| Available data |
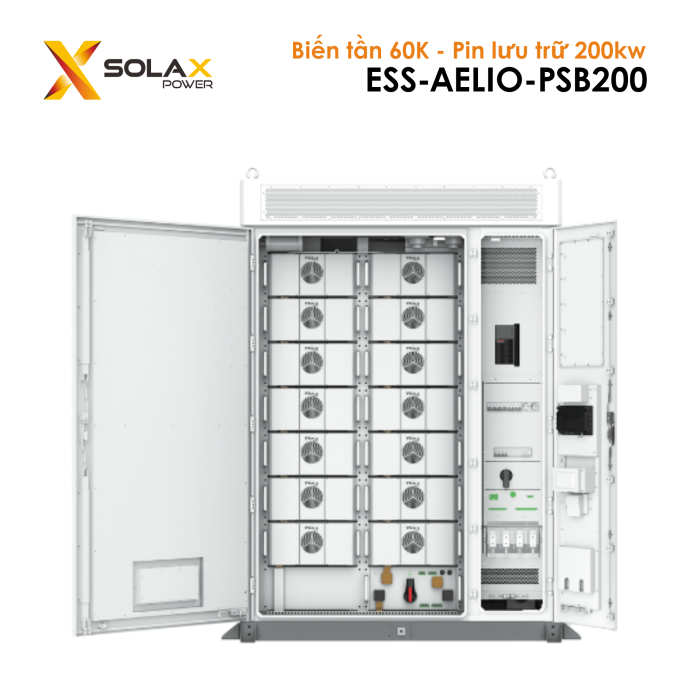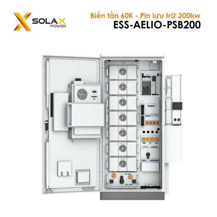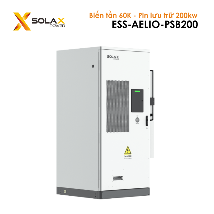 Trong kỷ nguyên chuyển đổi năng lượng xanh, SolaX ESS AELIO là biểu tượng của sự kết hợp hoàn hảo giữa biến tần thông minh và hệ thống lưu trữ năng lượng pin Lithium (LFP) công suất cao. Với công suất biến tần 60kW và dung lượng pin lưu trữ 200kWh, model ESS-AELIO-PSB100 mang đến giải pháp Hybrid ESS Cabinet toàn diện – mạnh mẽ, linh hoạt và sẵn sàng cho tương lai của năng lượng sạch.
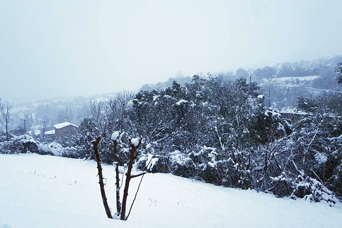 Στα ορεινά του Αλμυρού το χιόνι έχει φτάσει ήδη τα 30 εκατοστά στην Ανάβρα, αλλά ο δρόμος αποχιονίζεται και παραμένει ανοιχτός.
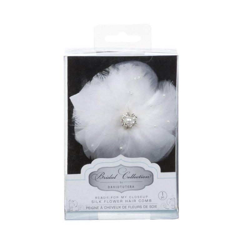 David Tutera Hair Comb - Silk & Feather Flower - White - 4 inches
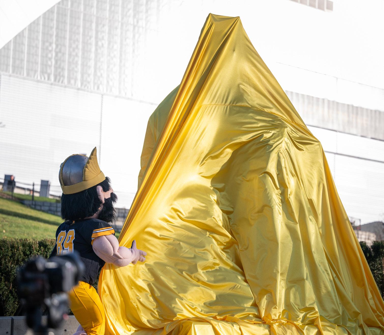 Colton Moore | Argonaut Mascot Joe Vandal pulls the gold sheet off of the statue

| Goal of the exercise |
Copy out the material above in full and exactly; its pictures are not to appear.

| Written reply |
 Trong kỷ nguyên chuyển đổi năng lượng xanh, SolaX ESS AELIO là biểu tượng của sự kết hợp hoàn hảo giữa biến tần thông minh và hệ thống lưu trữ năng lượng pin Lithium (LFP) công suất cao. Với công suất biến tần 60kW và dung lượng pin lưu trữ 200kWh, model ESS-AELIO-PSB100 mang đến giải pháp Hybrid ESS Cabinet toàn diện – mạnh mẽ, linh hoạt và sẵn sàng cho tương lai của năng lượng sạch.
 Στα ορεινά του Αλμυρού το χιόνι έχει φτάσει ήδη τα 30 εκατοστά στην Ανάβρα, αλλά ο δρόμος αποχιονίζεται και παραμένει ανοιχτός.
 David Tutera Hair Comb - Silk & Feather Flower - White - 4 inches
 Colton Moore | Argonaut Mascot Joe Vandal pulls the gold sheet off of the statue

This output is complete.